葉挽秋愣住了。她設想過蘇淺醒來后可能的各種反應――怨懟、指責、歇斯底里,或是徹底的無視。但唯獨沒有想過,蘇淺會對她說“對不起”。為什么道歉?為那天在電話里的惡語相向?為那晚在酒吧的狼狽不堪讓她看見?還是為……將她卷入那場危險?
還沒等葉挽秋反應過來,蘇淺已經抬起頭,目光落在葉挽秋臉上尚未完全消退的淡淡淤青上,停留了一瞬。那眼神里似乎有什么東西劇烈地閃動了一下,愧疚、痛苦、后怕……復雜得難以分辨,但隨即又被更深的疲憊和麻木覆蓋。她沒再說什么,只是抱著那束白色郁金香,轉過身,慢慢走回了宿舍樓。她的背影單薄而寂寥,仿佛一陣風就能吹倒。
葉挽秋站在原地,望著蘇淺消失的宿舍大門,心里五味雜陳,翻江倒海。那句“對不起”,像一根細小的針,猝不及防地扎進了她心里最柔軟的地方,帶來一陣細密的、酸楚的疼。她能感受到蘇淺那句道歉背后的沉重,那不僅僅是對一句氣話的后悔,更像是對自己整個失控狀態、對昨晚那場災難、甚至是對她們之間走到如今這一步的所有一切的……一種無力而痛苦的承認。
蘇淺不恨她。至少,在那場生死邊緣的變故之后,在親眼看到葉挽秋因為她而受傷之后,怨恨被更強烈的、自我厭棄的痛苦和后怕取代了。她沒有力氣再去恨,只剩下滿心的疲憊、狼藉,和那一聲輕飄飄卻又重如千鈞的“對不起”。
這個認知,并沒有讓葉挽秋感到輕松,反而讓她的心更加沉重,像被浸透了水的棉花,沉甸甸地墜著。
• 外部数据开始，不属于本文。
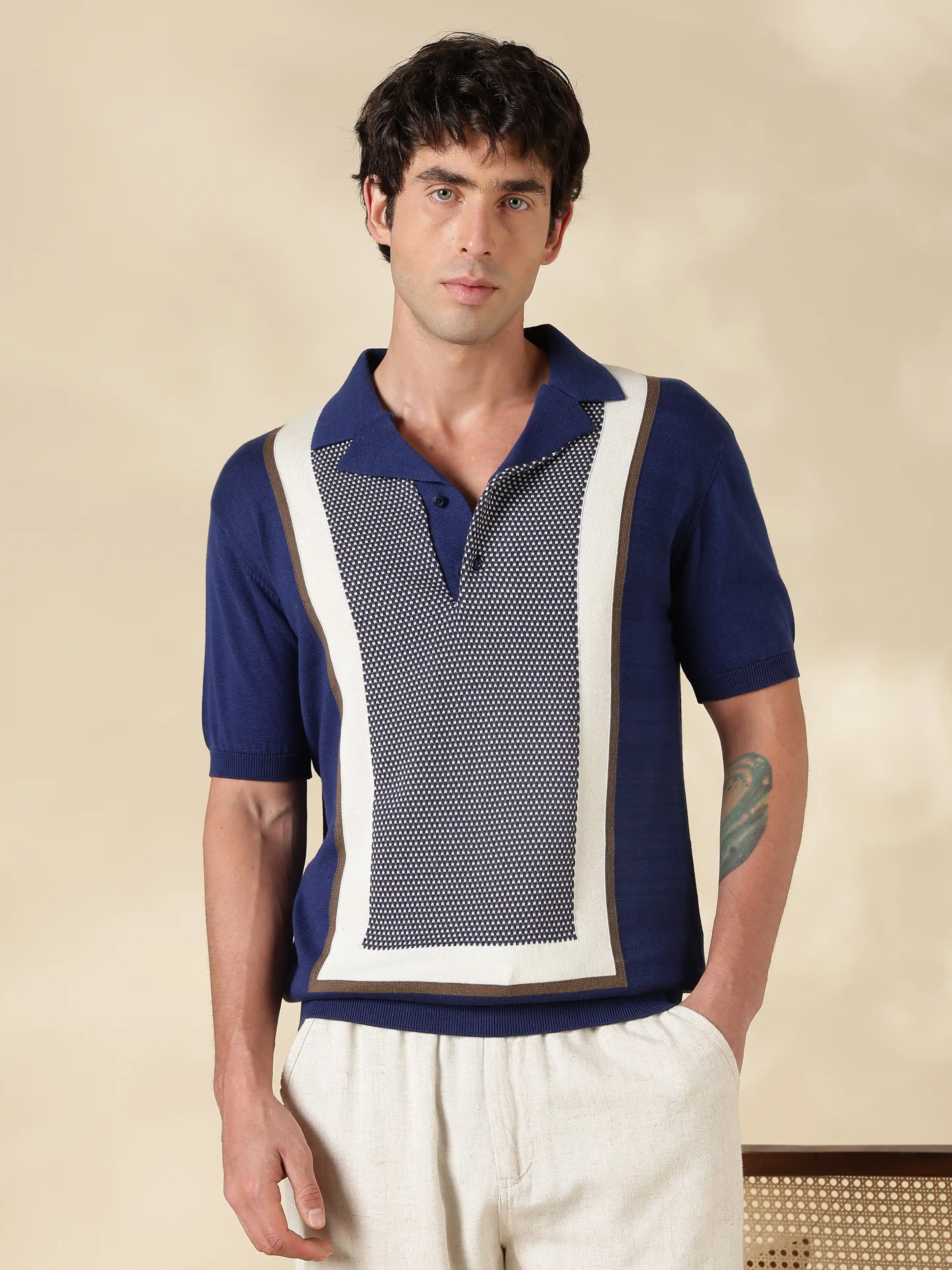 Upgrade your everyday essentials with this Navy Color Block Slim Fit Polo Collar Flat Knit T-Shirt – crafted for men who prefer a sharp, structured, and premium look. Designed with a modern slim fit and subtle texture, this flat knit polo t-shirt delivers effortless style for casual outings, smart-casual meetings, and evening wear.

內疚,如同潮水,從心底最深處翻涌上來,淹沒了她。
內疚什么?
內疚在蘇淺最痛苦、最可能走錯路的時候,她因為自己的委屈和驕傲,選擇了冷戰和疏遠,而沒有更早、更用力地拉住她?內疚那晚在酒吧,她雖然找到了蘇淺,卻沒有能力保護她,反而成了需要被救的累贅?內疚自己因為對秦風身份和動機的猜疑,而無法完全信任那個救了她們的男人,甚至暗地里展開調查,可能將她們都帶入更危險的境地?
還有……內疚那個她一直不敢深想,卻在此刻無比清晰浮現的念頭――如果蘇淺和顧承舟之間沒有問題,如果蘇淺沒有因為情傷而自暴自棄,是不是這一切都不會發生?而她葉挽秋,是否也在無意中,成為了促成蘇淺痛苦的一部分?哪怕她從未想過傷害蘇淺,哪怕她對顧承舟的感情早已被深埋心底,但蘇淺的痛苦,顧承舟的動搖,她真的能完全撇清關系嗎?
蘇淺那句“對不起”,像一面鏡子,瞬間映照出了葉挽秋內心深處的、連她自己都未曾正視的愧疚。這愧疚,不僅僅是對蘇淺,也是對她自己,對她們之間曾經純粹無暇、如今卻布滿裂痕的友情。
陽光暖洋洋地照在身上,葉挽秋卻感到一陣陣發冷。她抱著手臂,慢慢地蹲了下來,將臉埋進臂彎。周圍是喧鬧的校園,是鮮活的人聲,但她仿佛被隔絕在一個透明的罩子里,里面只有沉重的呼吸,和心臟鈍痛的聲音。
不知過了多久,她才緩緩站起身。腿有些發麻,眼前微微發黑。她最后看了一眼蘇淺宿舍的窗口,窗簾依舊緊閉。那束白色郁金香,此刻不知是被隨意放置,還是被小心地插進了花瓶。
葉挽秋轉過身,慢慢地、有些踉蹌地離開了宿舍區。她沒有回自己的宿舍,也沒有回家,而是漫無目的地走在校園的林蔭道上。腦海里反復回放著蘇淺蒼白憔悴的臉,那句輕飄飄的“對不起”,以及手機里那條指向“地下城”的冰冷信息。
真相,往往比想象中更加殘酷。而內疚,是一種比怨恨更折磨人的情感。怨恨可以向外投射,可以轉化為憤怒和力量。而內疚,只能向內吞噬,啃噬自己的內心。
她知道,她和蘇淺之間,有些東西已經碎了,無法再回到從前。但至少,蘇淺還活著,她安全了(暫時),而且,蘇淺對她說“對不起”。這或許,是這場災難之后,唯一殘存的一點微弱的暖意,也是支撐她繼續走下去、去面對前方更多未知和危險的一點點力量。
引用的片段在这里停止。